The process of designing the enormous piece of installation art was complex. First, she used plaster-casting techniques to create many life-sized sculptures of various women’s breasts. An engineer then created a 3D scan of both one of the live models and a plaster cast of a breast, and sent the scan to a patterning company. “The first time he got a model back to me, it was literally half a sphere and I was like, ‘Really?’” Hardy laughs, lamenting that it was difficult to achieve a truly natural shape for the breasts.

Hardy then created the inflatable sculpture out of organic cotton and natural latex. Influenced by her environmentally conscious education at the Green School in Bali, it was important to Hardy that her sculpture, which weighs over 300 pounds, be completely compostable and eventually return to the earth.


It was also important to Hardy that she pigment the sculpture with rich colors (an earthy ochre for the skin, with golden nipples). “I didn’t want the default to be giant white boobs,” she says. “That just didn’t feel right.” She also designed the sculpture so that viewers can access the inside of the breasts through an “underwire”: a narrow tunnel that hugs one side of the breasts.

Although Hardy admits that finding community among artists at Barnard and Columbia can be difficult, she looks forward to what the rest of the semester will bring. Before graduating this Spring with a major in Art History with a visual arts concentration, Hardy hopes to display the breasts on Low Plaza, “between the penis fountains.”

Esmé Ablaza

Osama Khalifa

Halfway through my interview with Osama Khalifa, CC ’18, he starts asking me the questions, and few times have I ever been so charmed.

“Well, what do you like to do?” he counters to me, after I have just taken the same line of questioning with him. I get the sense that he genuinely cares to get to know me just as much as I am trying to get to know him, and he is not even on an assignment to do so.

Khalifa shines as the star of the Columbia Men’s Squash team, though he would never describe himself that way. He won the CSA Individual National Championship to cap off his junior season. As a sophomore, he took home Ivy League Player of the Year honors for the first time in Columbia Squash history, and this season, Men’s Squash beat Harvard for the first time in program history, clinched by a victory in the final match by Khalifa.

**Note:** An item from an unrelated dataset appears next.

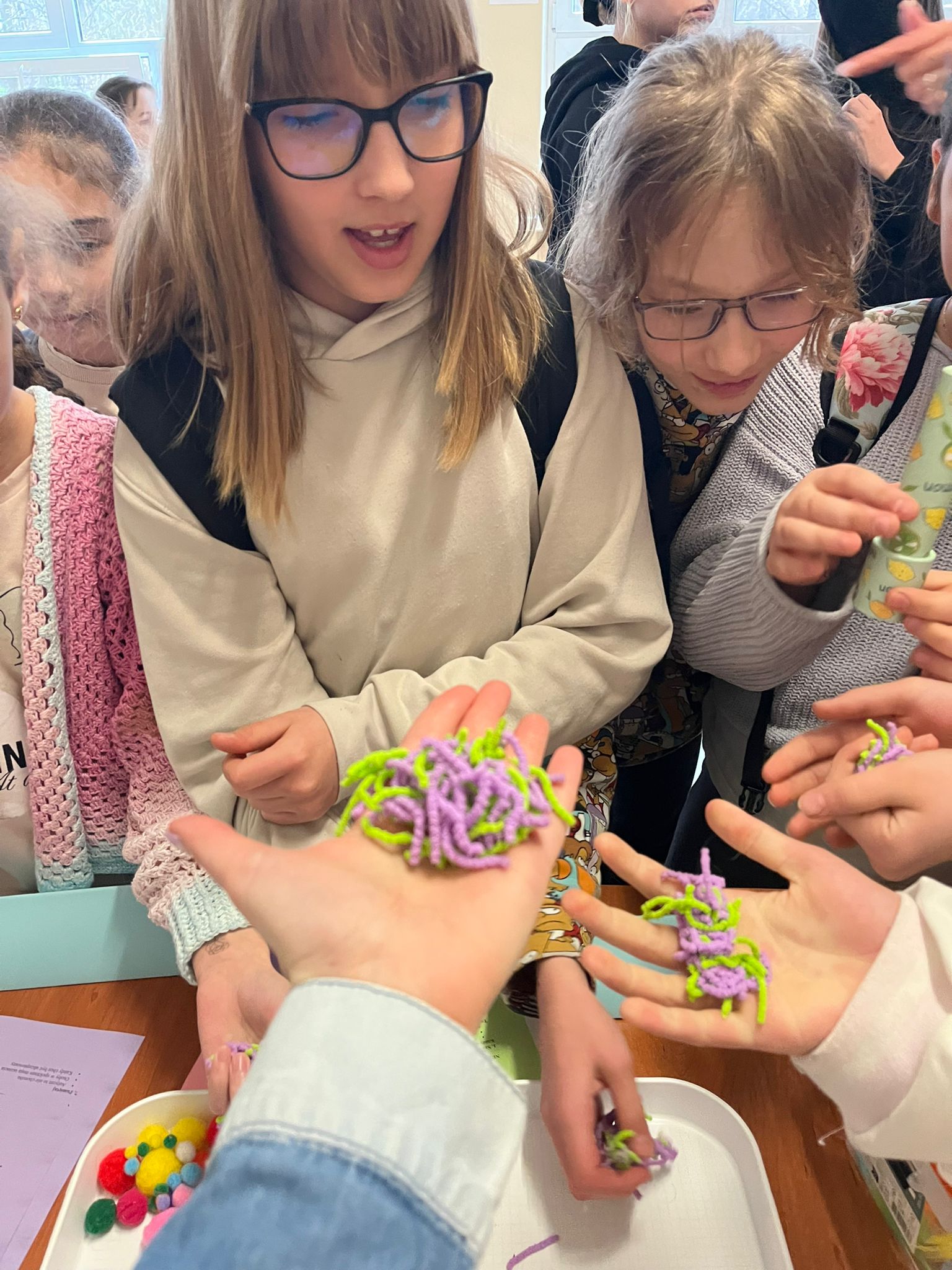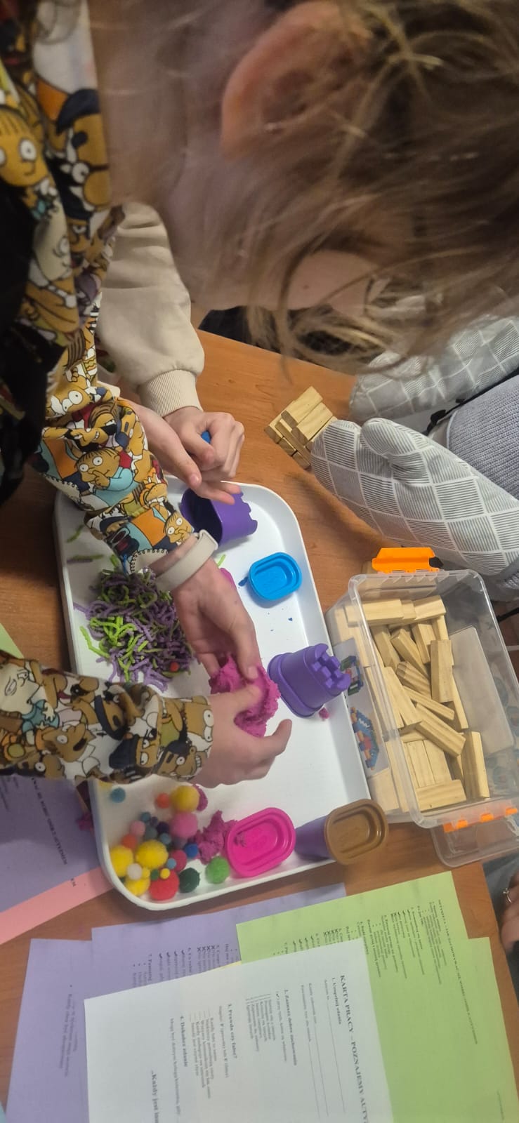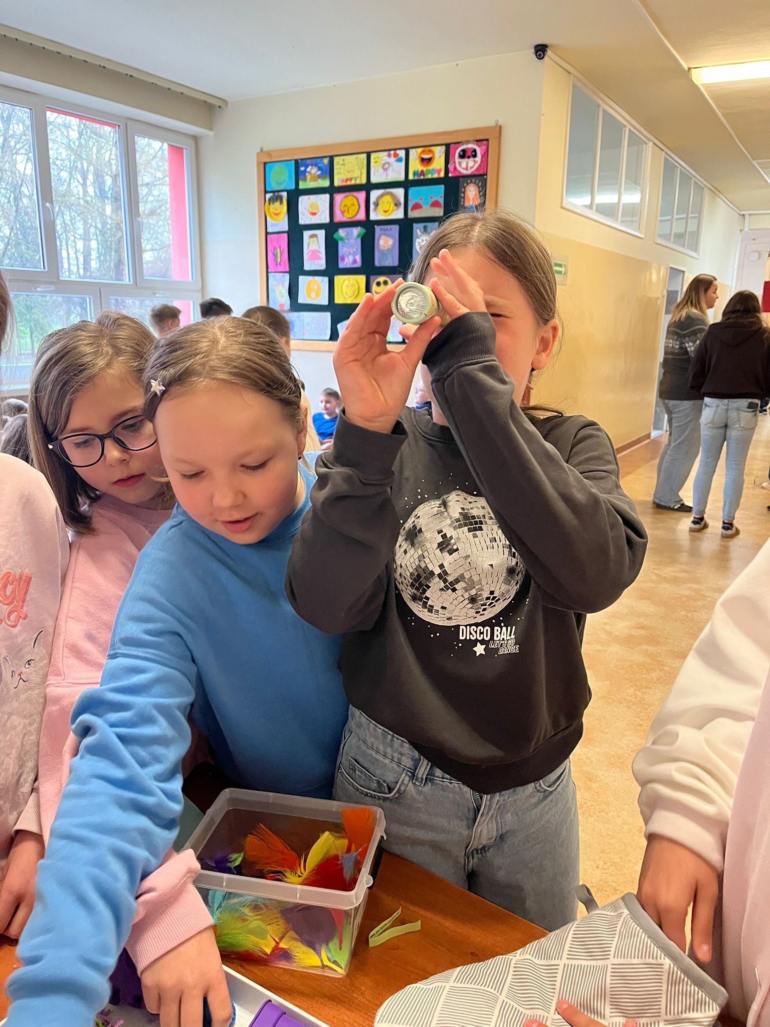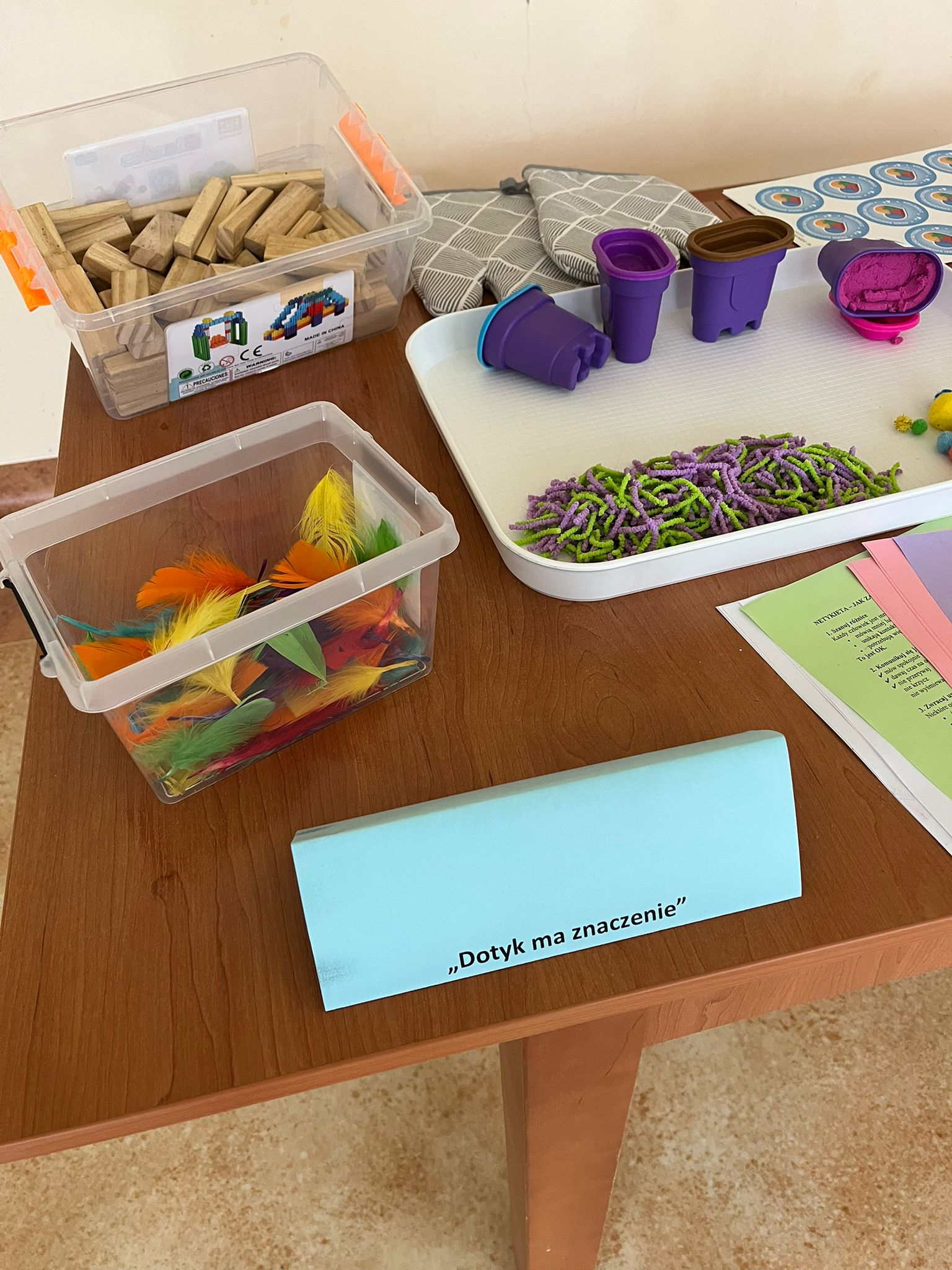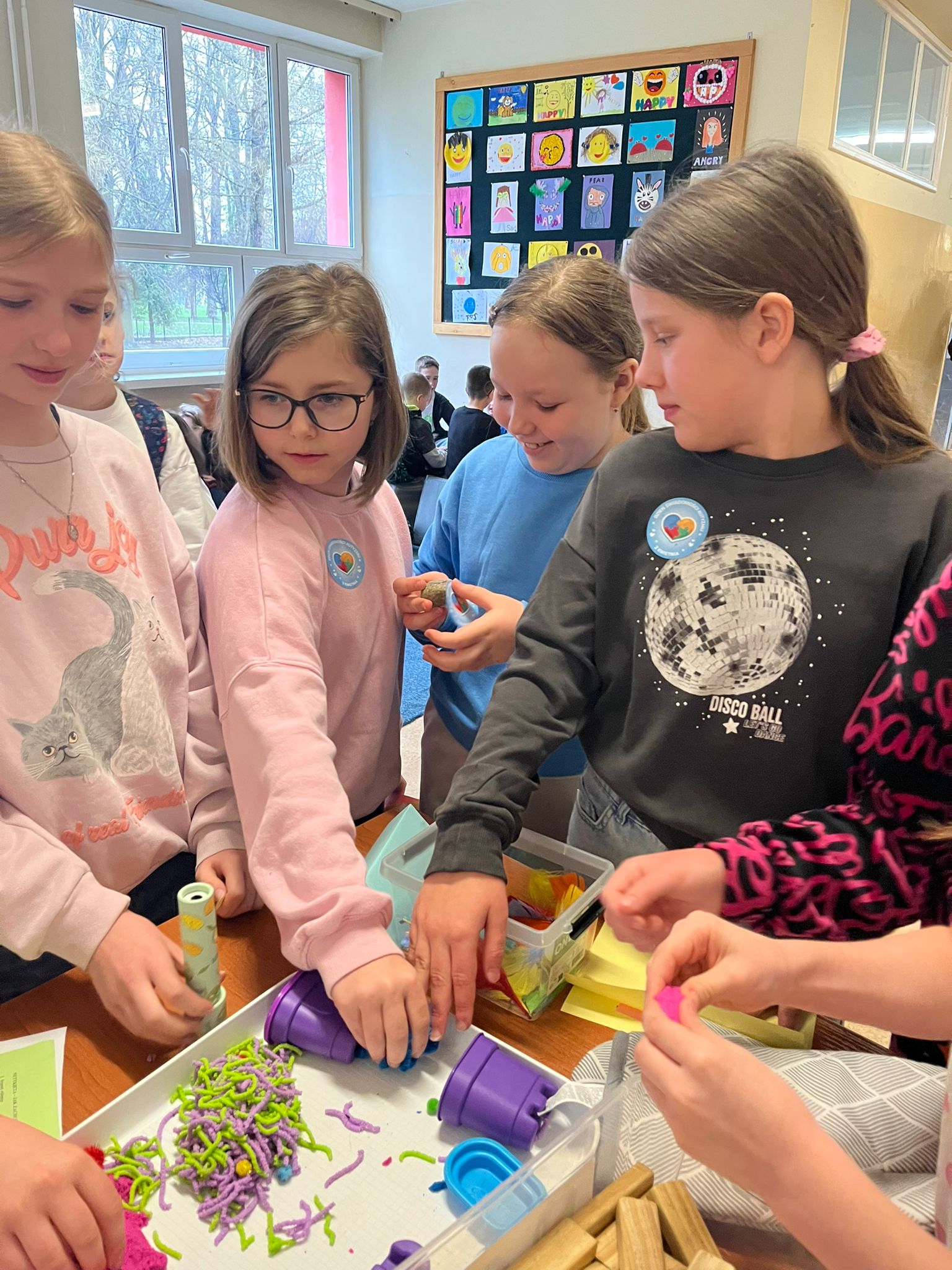 W ramach akcji zorganizowano stoisko sensoryczne, na którym uczniowie mieli okazję poznawać różne zmysły poprzez praktyczne doświadczenia. Mogli m.in. odkrywać zmysł dotyku, korzystając z różnych materiałów, takich jak piórka, piasek kinetyczny czy inne faktury, a także rozwijać zmysł wzroku poprzez zabawę z kalejdoskopem oraz wyszukiwanie przedmiotów na obrazkach.

Born in Cairo, Egypt, Khalifa never expected his squash career to turn out the way it has. In 2012, his family had to leave Egypt after years of turmoil following the Arab Spring protests.

“Before the protests, I never thought that I wanted to leave. I wanted to play squash professionally in Egypt—it is literally the best place to train for the sport there.” In Egypt, squash is a major national sport, and world champions grace the local courts, “like if Michael Phelps trained in your local pool,” says Khalifa. This proximity to greatness at his local club tilted his focus to squash and away from gymnastics and soccer, which he played as a kid. When his family moved to the United States, Khalifa continued his squash career at Deerfield Academy in Massachusetts.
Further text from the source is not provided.